The third is the celebrity-and-content strategy's shelf life. Nearly two million Instagram followers built partly on celebrity stadium appearances and a picturesque setting is not the same as two million engaged supporters with purchasing intent. Content virality and brand equity are related but distinct assets, and the conversion rate between them in football is historically poor for newer clubs without deep identity roots.

None of these tensions are fatal to the project. They are the friction points that will determine whether the billion-dollar target is a business plan or a pitch deck.

What Como Is Actually Testing

The broader relevance of the Como experiment extends beyond its specific geography. The Athletic Interest video gestures at this — coal mine tours in Dortmund, Renaissance football weekends in Florence, the Titanic angle for Southampton — and the point is well-taken if slightly romantic. Most clubs do not sit on Lake Como. But most clubs do sit on something: a distinctive urban culture, an industrial history, a culinary tradition, a countercultural identity. The question is whether those assets can be programmed into durable revenue streams rather than decorative brand language.
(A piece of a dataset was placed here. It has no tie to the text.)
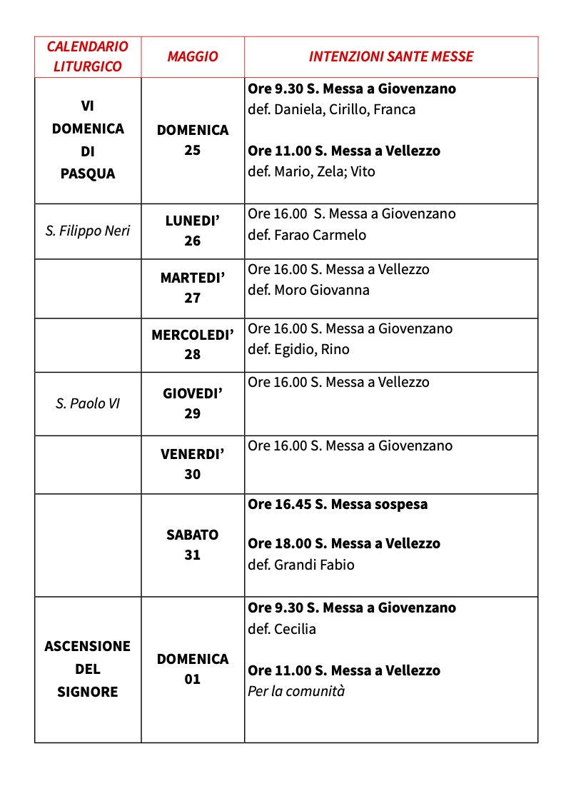Calendario Liturgico dal 25 maggio al 01 giugno 2025

Como is running that experiment with $50 billion in capital behind it and a management team that appears to understand the difference between storytelling and business strategy. Suwarso's background in media production is not incidental to how the club operates — it is the operating system.

What remains unresolved is whether a football club can simultaneously be a lifestyle brand, a tourism destination, a content studio, and a competitive Serie A operation without one of those functions eventually cannibalizing the others. The history of sports franchise diversification is littered with entertainment ecosystems that distracted ownership from the core product and the core product then undermined the rest.

Como 1907 is genuinely interesting because it is testing that question at a scale and with a seriousness that most similar attempts have lacked. The Hartonos have built conglomerates before. They know what a blank canvas costs to fill, and they know that the hard part is never the opening brushstroke.